THE PROBLEM –
Reproduce the listing below in full and exactly; no pictures belong in the copy.

GIVEN DATA –
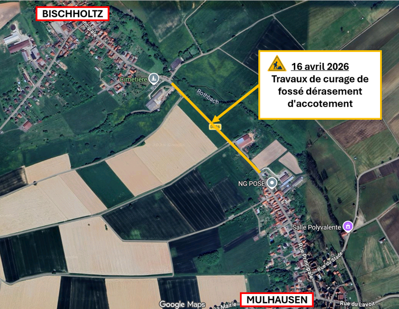 La Collectivité européenne d'Alsace communique : A compter du Jeudi 19 Juin 2025 et jusqu'au Mardi 24 Juin 2025 inclus, sur la D234 du PR 007 + 0251 au PR 009 + 0084, dans les deux sens de circulation, sur les communes de Mulhausen et de Schillersdorf, la circulation est interdite à tous les véhicules. |
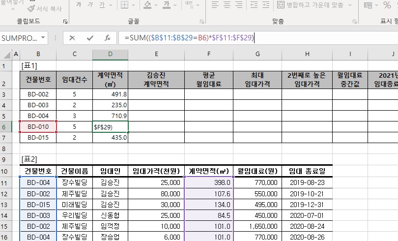 배열수식문제 풀고 컨트롤 + 시프트 + 엔터 하면
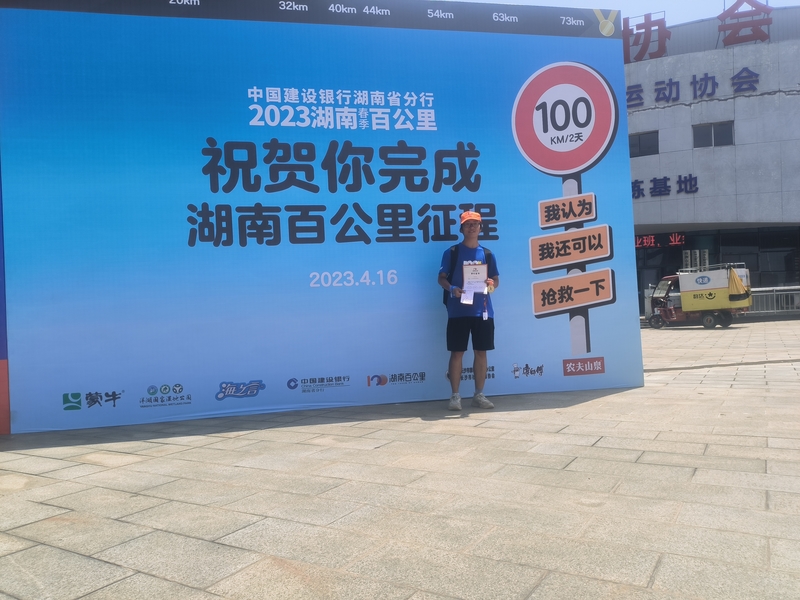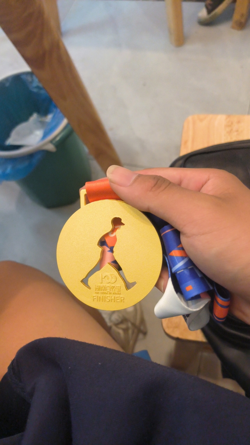 踏这歌曲的律动,拖着疲惫的身躯,我冲到了终点,没有想象中的欢欣鼓舞,只是找了个地方开始休息,就这样,领了证书奖牌过后,两天一夜的百里毅行结束了。之后,那个朋友也到达了终点,我俩明显熟络了很多,帮他拍了照片,也加了联系方式,我想,人与人之间的联系,就是在这样的痛苦与温情之中建立的。感谢百里之行。

OUTPUT –
 La Collectivité européenne d'Alsace communique : A compter du Jeudi 19 Juin 2025 et jusqu'au Mardi 24 Juin 2025 inclus, sur la D234 du PR 007 + 0251 au PR 009 + 0084, dans les deux sens de circulation, sur les communes de Mulhausen et de Schillersdorf, la circulation est interdite à tous les véhicules. |
 배열수식문제 풀고 컨트롤 + 시프트 + 엔터 하면
 踏这歌曲的律动,拖着疲惫的身躯,我冲到了终点,没有想象中的欢欣鼓舞,只是找了个地方开始休息,就这样,领了证书奖牌过后,两天一夜的百里毅行结束了。之后,那个朋友也到达了终点,我俩明显熟络了很多,帮他拍了照片,也加了联系方式,我想,人与人之间的联系,就是在这样的痛苦与温情之中建立的。感谢百里之行。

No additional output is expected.